We would take that course except for our doubt that the allegation could be tried with real satisfaction. We understand the stenographer stands by her notes, and we are certain of the integrity of the trial court's certification. The question then would be whether the stenographer's record reflects an unconscious slip of the judge's tongue or the error of the stenographer in hearing or in recording. It would be awkward to resolve an issue of that kind. And if the stenographer's version were upheld, the trier of the facts would then have to deal with defendant's assertion of his alleged emotional reaction to the word. The record of defendant's testimony does not reflect the despair he now asserts. And it seems incredible that, if he was so deeply moved, he would have said nothing to his counsel at that time. His silence, as well as the silence of counsel, who was at that very moment searching for unconscious prejudice in a prospective juror, is difficult to comprehend. But we are in an area of great current sensitivity, and no matter how the courts deal with the issue, there may remain a doubt that the issue was handled objectively. Eor this reason, and although we are satisfied justice was done, we conclude, with much reluctance, that the image of justice would be better served by a new trial.

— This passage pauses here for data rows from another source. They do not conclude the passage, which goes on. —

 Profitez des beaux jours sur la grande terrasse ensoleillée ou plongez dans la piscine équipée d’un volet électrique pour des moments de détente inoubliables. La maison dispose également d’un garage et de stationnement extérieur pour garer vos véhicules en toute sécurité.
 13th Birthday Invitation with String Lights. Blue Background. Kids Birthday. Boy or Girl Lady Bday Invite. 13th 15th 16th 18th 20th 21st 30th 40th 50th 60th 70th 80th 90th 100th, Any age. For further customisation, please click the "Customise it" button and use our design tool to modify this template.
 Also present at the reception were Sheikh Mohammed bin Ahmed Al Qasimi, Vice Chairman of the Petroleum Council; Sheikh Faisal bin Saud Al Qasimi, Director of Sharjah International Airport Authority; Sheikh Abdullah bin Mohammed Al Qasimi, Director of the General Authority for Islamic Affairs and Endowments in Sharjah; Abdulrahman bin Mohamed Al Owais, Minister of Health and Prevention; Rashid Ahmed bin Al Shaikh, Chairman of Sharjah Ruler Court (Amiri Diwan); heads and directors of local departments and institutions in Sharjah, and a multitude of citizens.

The judgment is reversed and the matter remanded for a new trial.
His certification reads:
"I have received a request from the Court through Mr. Gildea to certify the accuracy of the quoted portion of the transcript of the voir dire in the case of State v. Roberts. I remember the case very well; I am morally certain that I did not utter the offensive word contained in the quoted portion of the stenographer's transcript. The word nsed, as is apparent from the context, was Negro.

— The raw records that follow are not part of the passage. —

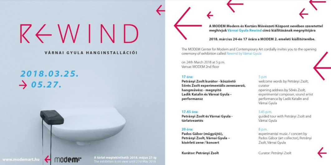 Rewind címmel Várnai Gyula hanginstallációiból nyílik nagyszabású tárlat a MODEM-ben, több mint ezer négyzetméternyi kiállítótérben. A 2017-es velencei biennálé magyar pavilonjának kiállítója nemcsak korábbi munkáival, de új alkotásokkal is készül a debreceni bemutatkozásra, sőt a tárlat nyitvatartási ideje során több alkalommal maga is fellép zenészként. A kiállítás kurátora Petrányi Zsolt.
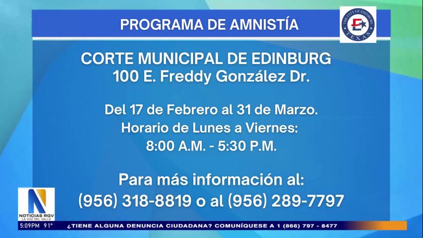 Un nuevo programa de amnistía les permitirá a residentes de Edinburg saldar deudas, multas o pagos pendientes. Este se aplica a delitos menores de clase C, como infracciones de tráfico u órdenes de arresto pendientes.
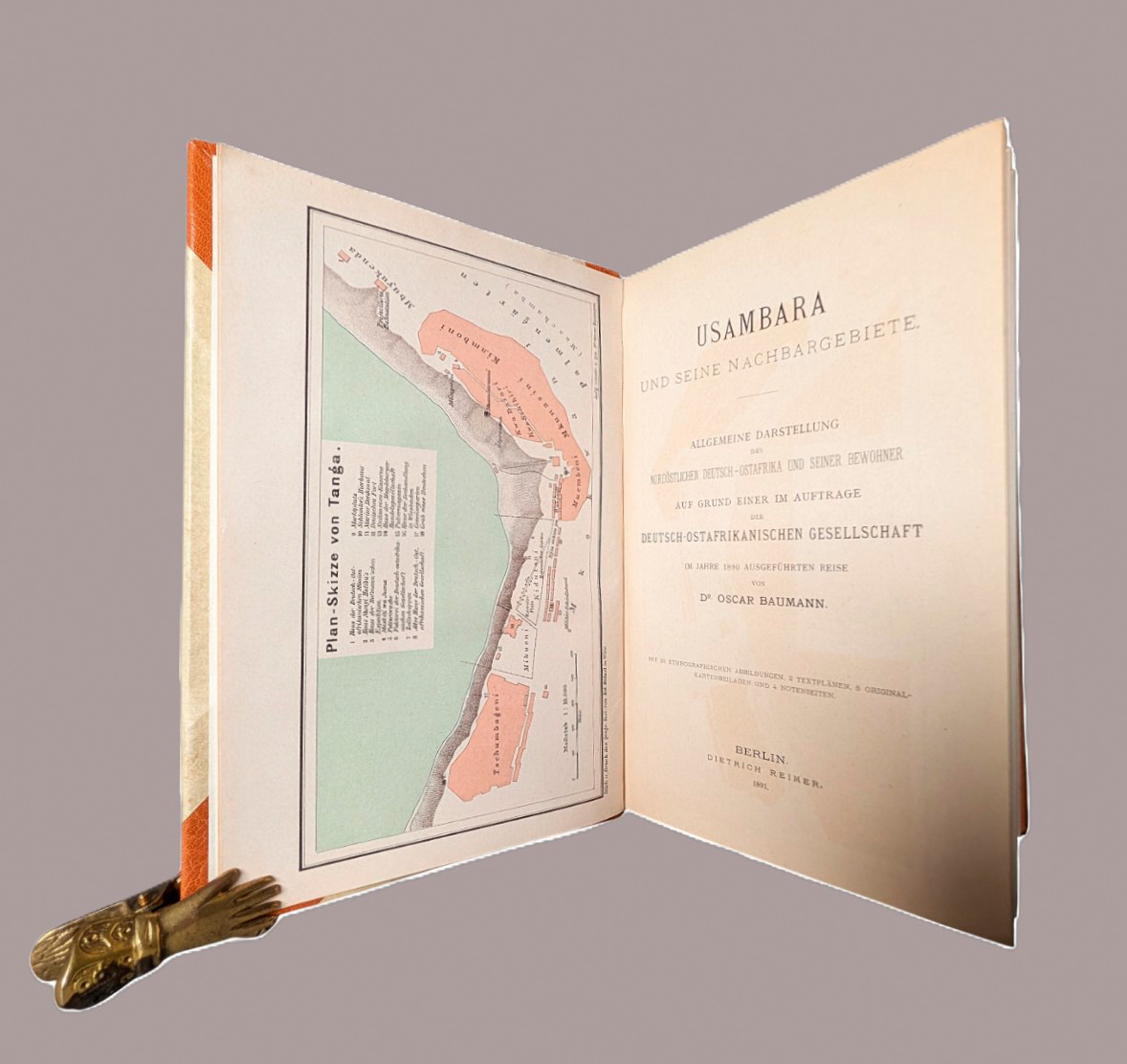 Baumann, Oscar. Usambara und seine Nachbargebiete. Allgemeine Darstellung des nordöstlichen Deutsch-Ostafrika und seiner Bewohner auf Grund einer im Auftrage der Deutsch-Ostafrikanischen Gesellschaft im Jahre 1890 ausgeführten Reise. XI, 375 S. Mit 24 Textillustrationen, 2 Plänen, 4 Karten und großformatiger vierteiliger Übersichtskarte. 23 x 15 cm. Moderner Halblederband mit RVergoldung und 2 farbigen goldgeprägten RSchildern. Berlin, Dietrich Reimer, 1891.

It seems significant to note the absence of comment by counsel or anyone else either on or off the record. If the offensive word had been used, I am sure, in view of the tenor of the times, that someone would have called my attention to it.
In conducting trials, I have been keenly aware of the responsibility of a trial judge to establish an atmosphere reflecting the serious pursuit of impartial justice. I have always found personally distasteful the use of any ethnic appellation which carries with it a note of derision."
Needless to say, stenographers do make mistakes. For example, the stenographer here concerned attributed the following to the trial judge during the voir dire of another prospective juror:
"As a matter of fact, the Federal Court practice allows for the attorneys to draft a wish to the Court to question the jurors and the Court asks the questions
Obviously the word "wish" is the reporter's mistake. The only noun that could make sense is "request." Thus we have a clear error even where there was no chance of a phonetic misunderstanding such as can readily arise if "Negro" is not enunciated distinctly. In the record we find also a mistake of that kind. We find "behavior of sciences" where obviously the speaker said "behavioral sciences."